These ideas are no longer confined to obscure books or fringe tech summits, they’re entering mainstream politics.
Nigel Farage’s recent announcement to make Britain a “global crypto powerhouse” might sound like a typical macho Farage campaign stunt, but it’s part of a much bigger, increasingly influential transatlantic movement to radically reshape the relationship between technology, finance and the state. And one we need to watch.
Whatever governments can do, tech can do better, or so claims Balaji Srinivasan, Silicon Valley venture capitalist and serial tech entrepreneur. In 2023, speaking at a conference in Amsterdam, Srinivasan laid out his vision for a radical, tech-driven future.
“We start new companies like Google; we start new communities like Facebook; we start new currencies like Bitcoin and Ethereum; can we start new countries?” he asked.
Described as a ‘rockstar’ of the crypto world, Srinivasan is a champion of disruption, part of a growing movement of tech elites who see disruption not as a phase but as a governing principle.

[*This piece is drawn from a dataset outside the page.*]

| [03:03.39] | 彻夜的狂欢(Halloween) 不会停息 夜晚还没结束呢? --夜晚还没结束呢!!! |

Having already transformed industries from media to finance, these entrepreneurs now have their sights set on governance itself.
“Imagine a thousand different startups, each of them replacing a different legacy institution,” Srinivasan told the audience.

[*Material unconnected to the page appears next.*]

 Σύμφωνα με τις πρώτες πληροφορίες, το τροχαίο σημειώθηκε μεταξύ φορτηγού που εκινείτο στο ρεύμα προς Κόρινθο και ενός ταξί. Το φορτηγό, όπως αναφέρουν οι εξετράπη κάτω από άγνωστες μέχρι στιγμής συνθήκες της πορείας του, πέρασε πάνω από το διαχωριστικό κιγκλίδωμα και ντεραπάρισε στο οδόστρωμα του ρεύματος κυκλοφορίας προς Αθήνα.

If tech can reinvent everything else, why not the nation-state?
Tech ‘Zionism’
At the heart of this vision lies Srinivasan’s concept of the Network State, a kind of digital-first, crowdsourced nation, inspired, he says, by the founding of Israel.
“What I’m really calling for is something like tech Zionism – when a community forms online and then gathers in physical space to form a ‘reverse diaspora’,” he explained.

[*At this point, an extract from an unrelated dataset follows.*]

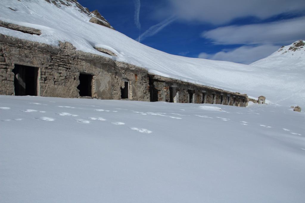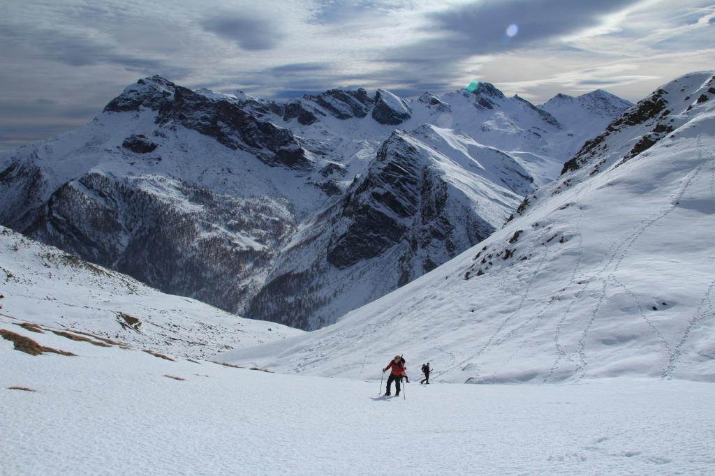Quando la pendenza si abbatte si entra nel vallone che adduce in fondo al Monte Ferra. Ci si mantiene al fondo sulla sinistra toccando in breve i ruderi delle Grange Reisassa 2385 m. Si lasciano sulla destra e poco dopo si inizia a salire a sinistra per un evidente valloncello, si supera un primo pendio un po’ più ripido che immette nella parte superiore; arrivati di fronte a un dosso lo si aggira indifferentemente a sinistra o destra e si arriva al colle di Reisasetto 2743 m (nelle vicinanze una grossa caserma).

Far from being a sci-fi fantasy, projects like Praxis, a proposed city on the Mediterranean backed by Srinivasan and significant investment, are already in development. Founded by Dryden Brown and Charlie Callinan, the idea is that Praxis is a crypto city for tech bros and tastemakers. Brown has raised $19.2 million for his crypto state project, which, as the New York Times notes, is a “paltry amount in the worlds of venture capital and urban development.” Praxis’ government relations team reportedly includes Stephen Harper, the former Conservative Party prime minister of Canada, who the BBC described as having a “conservative record that would make an American Republican proud.”
Praxis embodies the ideals of techno-libertarianism: Bitcoin over central banks, AI over human courts and judges, start-ups over civil service. As Srinivasan put it, it’s for “those who want Silicon Valley without San Francisco.”
Afropolitan
Then there’s the concept of Afropolitan. When the COVID-19 pandemic hit, the company behind Afropolitan began to focus on digital media, quickly building a 50,000-member community. Since then, it has launched its own podcast and is now executing a four-stage plan to transform this online community into a physical nation for the African diaspora, including the release of a Non-Fungible Tokens (NFT) campaign that will serve as a digital passport.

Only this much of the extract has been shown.